Candid Dad Got a Nod from My Dad



black jack of all trades by Michael P Wright default

I got to talk about Candid Dad today with my dad – specifically about the intent, message, and people it will help.

I got to layout the reasons it’s going to be a huge factor in how children view parenting.

We talked about the what and that the how will take care of itself. I have set target timeframes for different phases of developing the interview series. But I have to dive into some hard dates for certain elements.

The first big piece is recording and editing two interviews. These two full episodes will give me material to promote support for the show. They will also help me dial in the structure and bring in other dads to interview.

Ideally, I want to have a line-up of dads that reach out to Candid Dad to tell their stories. Part of the show is interviewing the dad at their natural habitats which means I’ll be doing some traveling. I haven’t determined yet if I’ll need a team member. Because of the traveling, most likely I’ll be seeking funding.

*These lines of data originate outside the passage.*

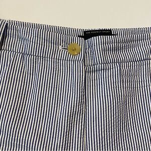 Stylish black and white striped shorts. Perfect for casual outings. Comfortable fit.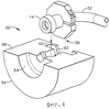 Муфта 56 выполнена такой конфигурации, которая сводит к минимуму возможность ее поворота внутри выемки 60 для муфты в процессе выполнения операции обжатия. Несмотря на то, что можно выполнить множество конфигураций, предохраняющих от поворота, один вариант состоит в выполнении выемки 60 для муфты с шестиугольной формой. При такой форме выемки муфта 56 также может иметь шестиугольную форму, как показано на фиг.4 и 6. Выемка 60 для муфты имеет размеры, превышающие наружные размеры муфты 56. Может быть выполнен небольшой зазор между боковыми стенками выемки 60 для муфты и муфтой 56, когда муфта установлена на месте в выемке 60 для муфты. Небольшой зазор обеспечивает возможность легкой вставки и удаления муфты 56, когда он надет на трубу 52, как показано на фиг.4. Однако этот зазор не должен иметь такую большую величину, при которой возникает возможность значительного перемещения муфты 56 в продольном направлении в обжимном штампе 54.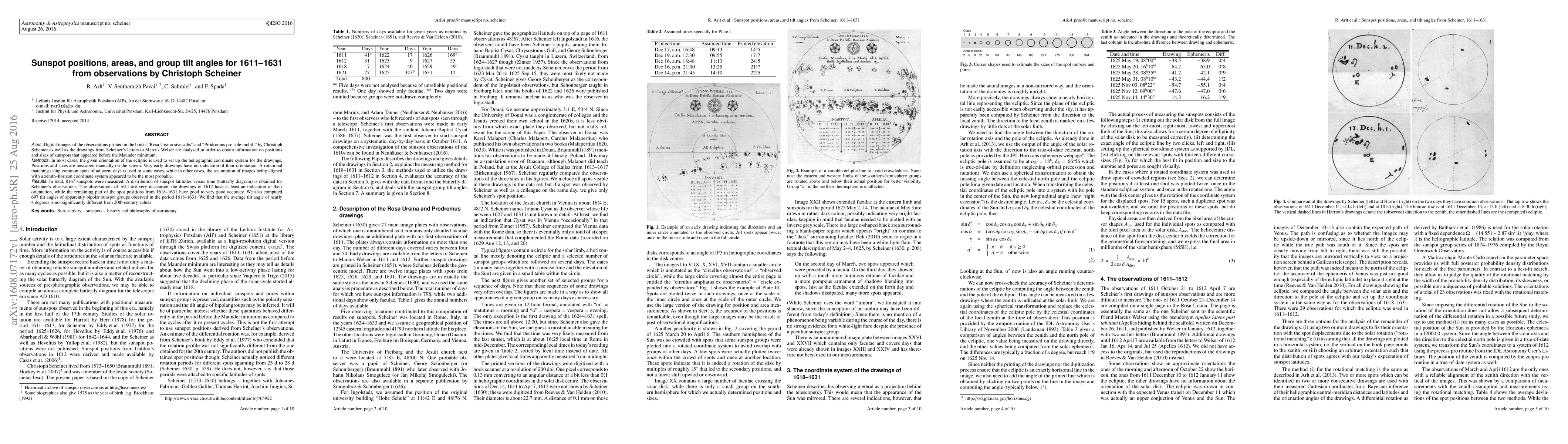 This paper analyzes digital images from Christoph Scheiner's observations to determine sunspot positions, areas, and group tilt angles from 1611-1631. The study measures 8167 sunspots and computes 697 tilt angles, finding an average tilt of nearly 4 degrees, comparable to 20th-century values.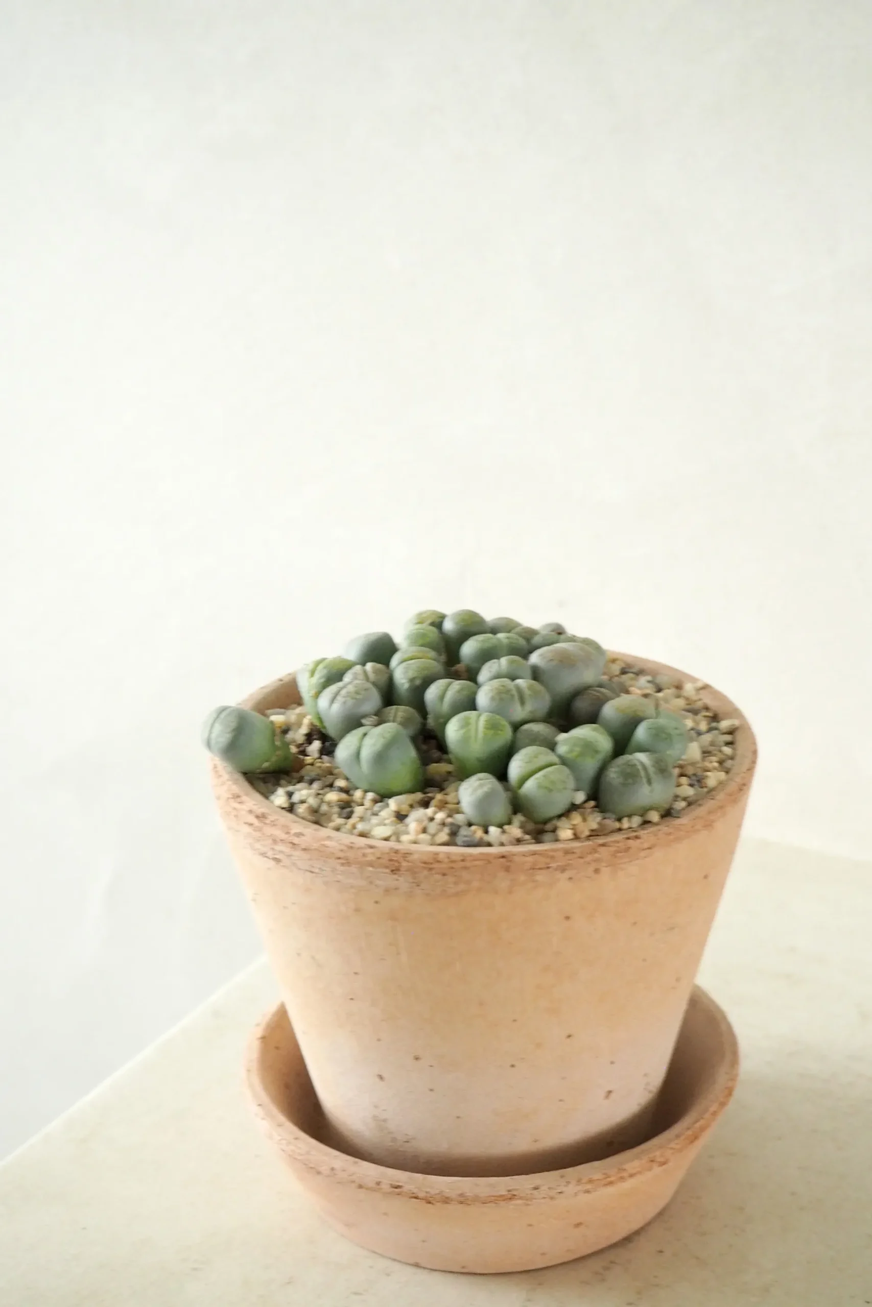 Andet godt tip: Brug veldrænet jord en kaktus- eller sukkulentblandin. Undgå at sprøjte vand direkte på planten, da den er meget følsom over for fugt. Lithops vokser langsomt, men kan blomstre med smukke, små blomster om efteråret.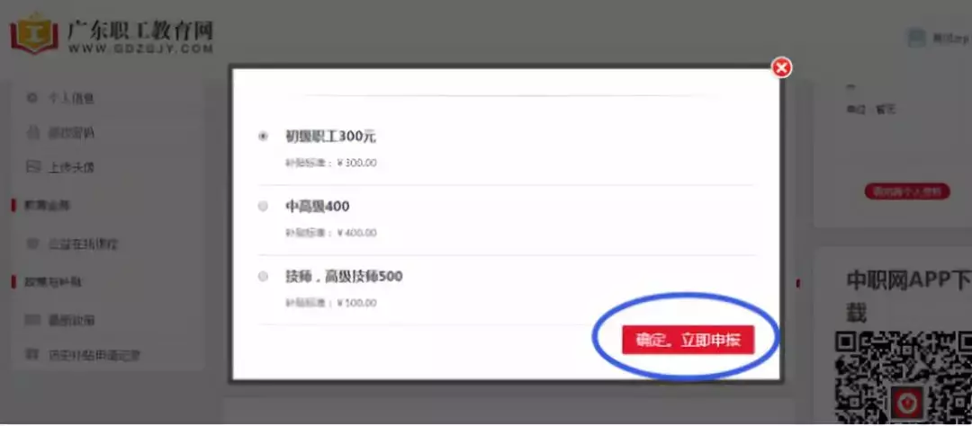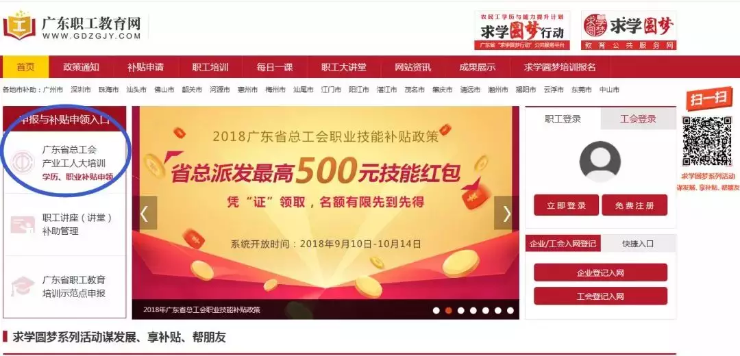 在網(wǎng)站(www.gdzgjy.com)首頁左側(cè)【申報與補貼申領入口】,點擊“廣東省總工會產(chǎn)業(yè)工人大培訓學歷、職業(yè)補貼申領”界面,選擇右側(cè)“職業(yè)技能提升補助”點擊【進入申領】。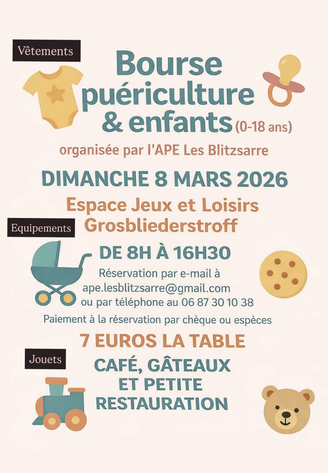 L’Association de Parents d’Élèves de Grosbliederstroff organise une bourse puériculture & enfants dimanche 8 mars 2026 à l'Espace Jeux et Loisirs de 8h00 à 16h30.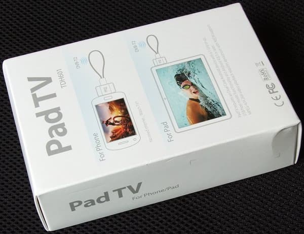 Pad TV TDH601 поставляется в белой коробке со схематическими изображениями TV-тюнера, подключенного к телефону и планшету.

I think the best approach for developing the show is the seasonal tv show method. I would shoot all the episodes – planning for 15 interviews each season – over so many consecutive months. Just line em up boom boom boom. Then I have the remaining months to edit the footage and prep it for release/distribution. I don’t know these industry terms.

Most of the how I haven’t figured out yet, and I’m not sweating it too much. There are certain things like what part of the year I want to record and when in the year I’d want to release. I’m sure I’ll get more insight on that as I learn more about the process of putting together a show. I’m also optimistic about having help.

I think the best scenario is having one season completely ready to ship while I’m knocking down interviews. That scenario would make a year 2021 release for Season 1. Which isn’t really significant to the relevance of the content. Best case scenario tho is that I have a team because the first launch. That would be freakin swell. There will be no shortage of capable bodies from the “born-with-tablets” generation.

Right! My dad and I talking – well, he dropped a pretty serious bomb on me that flipped an idea I had been holding onto since childhood. I don’t think I want to share something this level of personal here. In my early years of living in Alabama, I convinced myself that this guy hated me and was out to ruin my good times. Well, one very, very significant situation that I didn’t have the behind-the-curtains view of lead me to draw a conclusion that was wrong. If fact, the conclusion that I drew because a HUGE source of angst I had towards my dad, the tyrant. In short, those feelings were not caused by the source that I believed they were, and then 25 years later the doors are open wide and the truth revealed.

It was really perfect timing to explain to Dad that those kinds of events are exactly why Candid Dad has to happen. There are just things that parents go through that they shield their children from knowing and for many reason:

1) Children generally understand things in straight lines and for most ages, seeing is believing
2) Parents want to protect children from certain ideas that might cause them to blame themselves for certain things

We can go on and on there. But I used that story and how it changed my whole perception of my teens and adulthood to support the argument that children can benefit from hearing their dads tell their stories, humanizing themselves, and most importantly educating the children their raising on parenting.

All of us, every one of us human beings like to convince ourselves that our parents are superhuman and invincible and the smartest people on the planet. And unfortunately some of us discover our parents vulnerabilities in damaging ways.

I didn’t understand until I became a parent that “Oh, mom and dad were figuring it out as they went.” My parents weren’t superheros. They were actually improvisation experts, living fire extinguishers, and master jugglers. How much better could any of us have adapted to the swings of marriage, family, work life if we had of understood things like this sooner?

The answer to that is why I have to create Candid Dad. I want to change the dynamic of what we believe children should learn or can understand.

Dad was really on board with it and gave me somethings to consider in the literature behind it. So that was really good. I also told him I’d eventually like to have him in the seat – which should test all my interviewing skills. Maybe we’ll get him for Season 2.